では、ここからは、本連載のラストを飾るテーマとして「AIブームの終焉(End of the Boom)」後の未来を生き残る「Over the AI ―― AIの向こう側の私たち」を、始めたいと思います。
まず、私が、今回の連載を通じて、常に抱いていた、この第3次AIブームに対する仮説と疑問を、書き下してみました。
これは、AI技術の技術的、経営コスト的な問題点に加えて、AI技術が「ソフトウェア」という資産性を有しつつも、それらが、商品や、商品以外の無体財産物(特許、デザイン、商標、ブランド、キャラクター、イラストなど)とは決定的に異なる性質を有する、という観点から、私なりに導き出したものです。
ぶっちゃけて言えば、資金や人材が潤沢で、研究開発に余裕のある会社でもない限り、「AI技術のビジネスに手を出すべきではない」です。
先行者利益は得られないかもしれませんが、有体物(商品)と異なり、ソフトウェア技術というものは、一つの法人(国家や組織)が独占的に所有することが難しく、また、そのように独占的に所有した場合、技術的な発展が見込めないという、特殊な性質があるからです。
また、「儲からない人工知能 〜AIの費用対効果の“落とし穴”」にもある通り、AI技術の費用対効果は、絶望的に低い ―― 現時点において、私は、AI技術で「儲かって笑いが止まらない会社」を、ただの1社も知りません*)。
*)ここだけの話ですが、私はその逆のケース『AI技術と手を切りたい』と泣きが入っている会社も知っています(もちろん、墓場まで秘していきますが)。
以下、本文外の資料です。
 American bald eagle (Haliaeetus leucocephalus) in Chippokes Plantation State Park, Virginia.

そもそも、AI技術でビジネスをするには、以下の3つの問題点があるのです。
この3つはそれぞれが深刻な問題なのですが、さらに、この問題が相互に矛盾している点が、さらに問題なのです。
1つのAI技術を試すには、そのAI技術だけではなく、そのAI技術を試す現実の環境が必要となります。AI技術開発よりも、その環境を作るコストの方が、とんでもないコストが掛かるのです。
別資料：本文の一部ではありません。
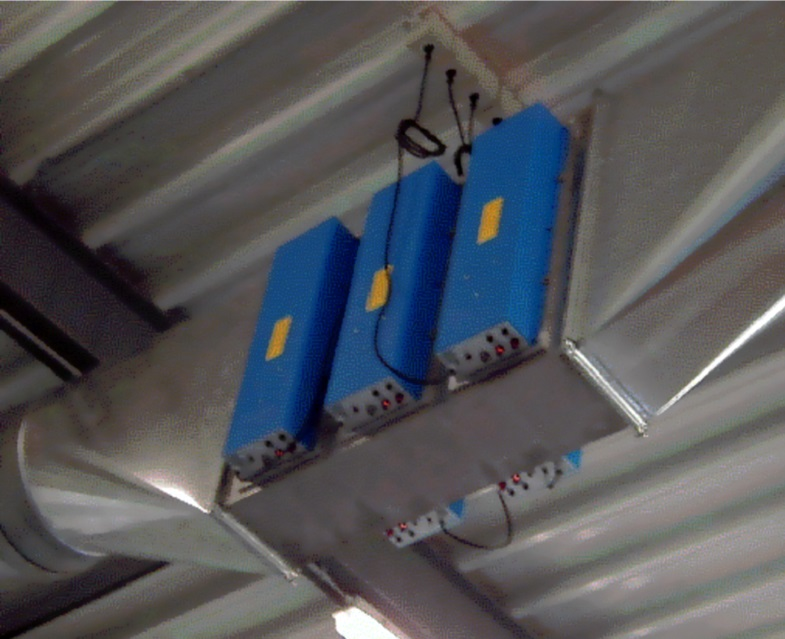 Air duct with mounted Bentax-ionizing units for preparation of the air, like odor neutralization, decomposition of pollutants and disinfection.

例えば、「缶詰工場」でAI技術を試すには、実際に「缶詰工場」のラインを新規に作らなければなりません(既設の設備を使えば、現在の業務(製造)を止めなければなりません)。さらに、再稼働に失敗すれば、新規の「缶詰工場」のラインを破壊してしまう可能性があります。
そして、その「缶詰工場」のAI技術を使うためには、膨大なトライアンドエラー(チューニング)が不可欠であり、これに必要となる時間と人材が、もうお話にならないくらい、ものすごいコストになるのです。
そして、「缶詰工場」のラインがようやく動き始めたころに、新しい破壊的かつ革新的な新しいAI技術(深層学習やら、強化学習やら)が登場してきて、その「缶詰工場」は、あっという間に陳腐化した工場に成り下がることになります。